Earlier, Lee broke down while giving evidence of scoping with his rifle what he was convinced was the stag the two men were hunting.

When he fired at what he thought was the deer's head he ran down and came across Mr Gillies shoes sticking out of the bush.

"I thought 'what the hell ... ' It was my mate," he said in tears.

Under cross-examination by Crown prosecutor Fraser Wood, Lee said he normally followed the safety plan, knowing how important it was.

He denied it was him, not Mr Gillies, who had broken the procedure by moving from his spot before his hunting companion rejoined him.

Lee said his mate would have known where he [Lee] was because Mr Gillies would have heard him roar.

Mr Wood: "Why did you take a shot when the plan was that Willie [Gillies] would take it?"

Lee: "Because the deer moved. Willie had missed the shot at that stage. A stag doesn't just stand there and say 'shoot me'. The plan changed when the stag moved."

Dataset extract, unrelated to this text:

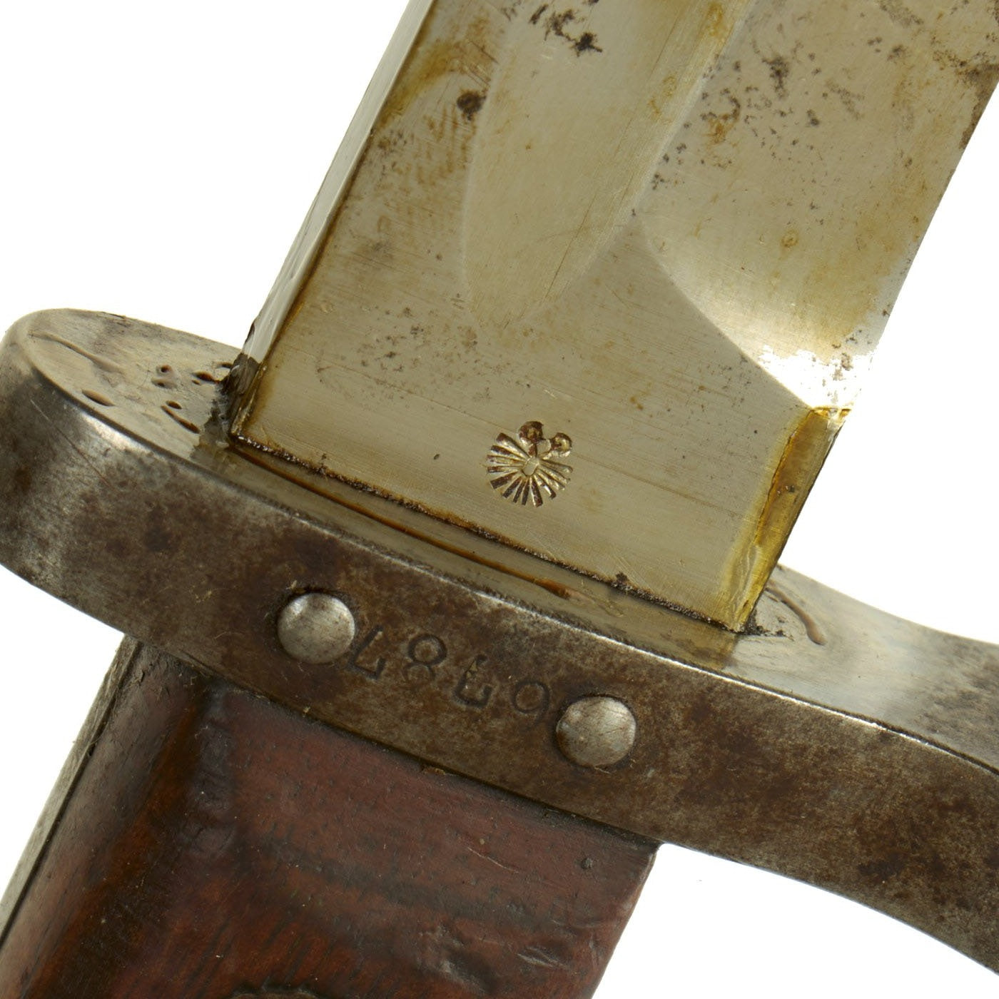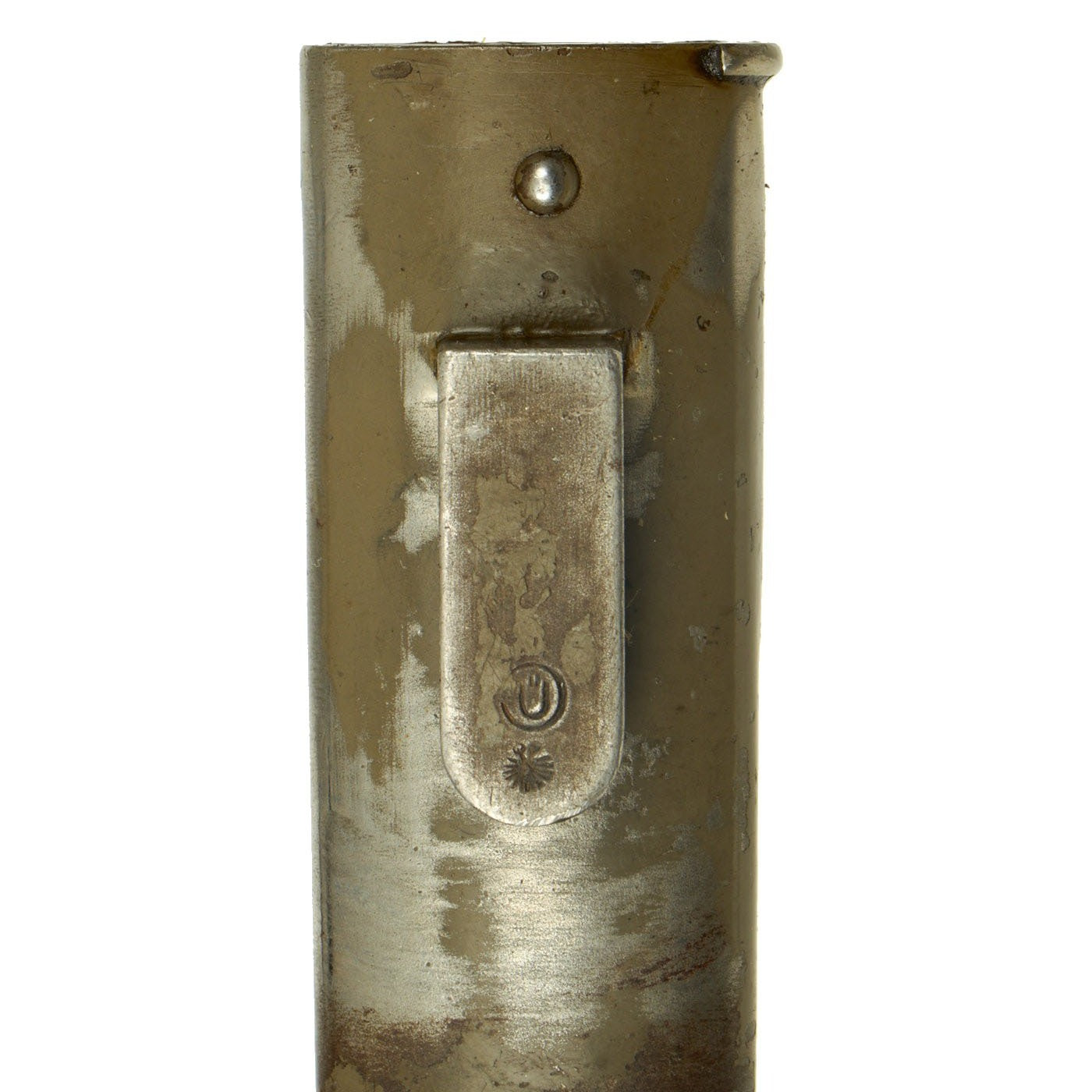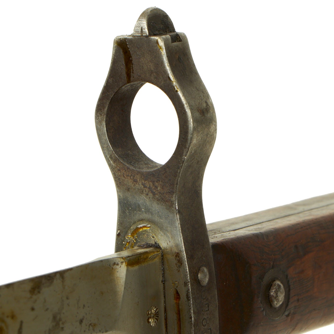 The bayonet is stamped with Œ over WG, the marking for Österreichische Waffenfabriksgesellschaft (Austrian Arms-Manufacturing Company), abbreviated as ŒWG. Steyr Mannlicher firearm production was a part of this company. The reverse ricasso of the bayonet has the Austro-Hungarian Empire's Eagle proof mark stamped. The scabbard has a U in a circle on the frog button, for Moravske Ocelarny (Moravian Steelworks), which is now part of the Czech republic, but was under the rule of Austria until 1918.

Mr Wood: "You are essentially saying it was Willie's fault because he broke the plan."

Lee: "No."

He was adamant he had sighted antlers and a deer head before pulling the trigger, despite the rain and thick bush.

Having later rationalised what happened, he thought his hunting mate must have got between him and the stag in the split second before he pulled the trigger.

In his closing address to the jury, the prosecutor said it was difficult to see how shooting a hunting companion, mistaking him for a deer, was not careless.

Mr Wood said Lee broke "golden rules" of safety by failing to identify his target and failing to check his firing zone.

Judge Phillip Cooper will sum up this morning before the jury retires to consider its verdict.